1 c Dried black-eyed peas or 2 cups shelled; fresh, black-eyed peas
4 Thick bacon slices; cut into 1/2 inch pieces OR 1/4 lb. salt pork
1 c Chopped onion
1 c Chopped green bell pepper; (I omitted this.. don't like peppers)
1 Garlic clove; minced
About 2 cups water
1 ts Salt
1 Bay leaf
1/16 ts Red; (cayenne) pepper (try 1/8 t. if you prefer)

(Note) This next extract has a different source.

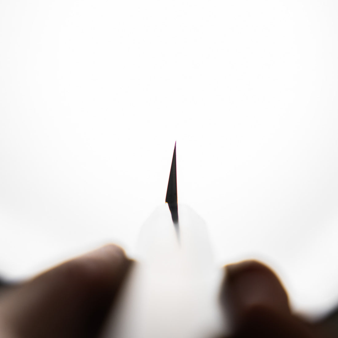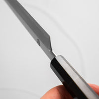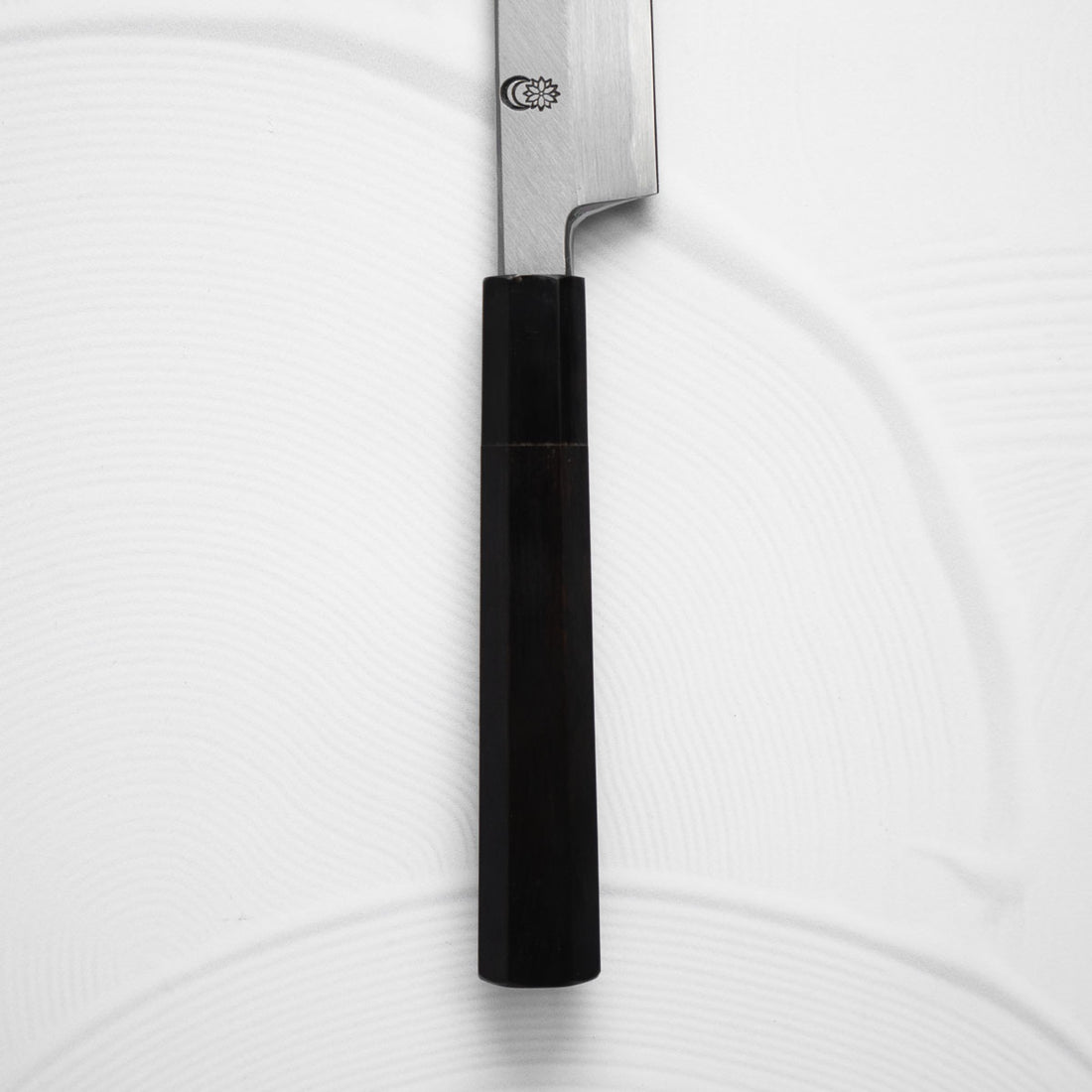 Japanese White Steel #2, a traditional high-carbon steel, is cherished for its purity and fine grain structure, enabling razor-sharp edges, at the cost of being reactive. It is one of the easiest steels to sharpen, but cannot be left wet for even short periods otherwise rust spots can occur. If you’re fastidious in your knife maintenance, this knife can steel can be extremely rewarding to use.

3 c Cooked long-grain rice

INSTRUCTIONS

I've tried this. It's good. It's from Country Tastes: Best Recipes From
America's Kitchens by Beatrice Ojakangas
Wash beans and pick over, removing any pebbles or dirt. Add cold water to
cover. Soak 12 hours or overnight. The quick-soak method can be used (Wash
and pick over beans; place in a large saucepan. Cover with water and bring
to a boil. remove from heat. Cover and let stand 1 hour.) If using fresh
peas, this isn't necessary. Rinse peas and drain. Cook bacon in a Dutch
oven until browned. Add onion, green pepper and garlic. Sauté until onion
is tender. Add beans or peas, 2 cups water and seasonings. Cover and simmer
40 to 50 minutes or until beans or peas are tender, adding water as
necessary. Remove bay leaf. Stir in cooked rice. Cover and continue
simmering about 10 minutes or until liquid is absorbed. Makes 6 servings.
VARIATION: Red Beans and Rice: Soak red beans as directed in Hopping John,
above. Drain beans and place in a large pot. If desired, add 1 (1-pound)
smoked ham hock. Add cold water to cover. Omit bacon and green pepper. Add
onion, garlic, salt, bay leaf and red pepper. Bring to a boil, then reduce
heat and simmer, covered, about 3 hours or until beans are tender. Serve
over hot cooked rice. Makes about 6 servings.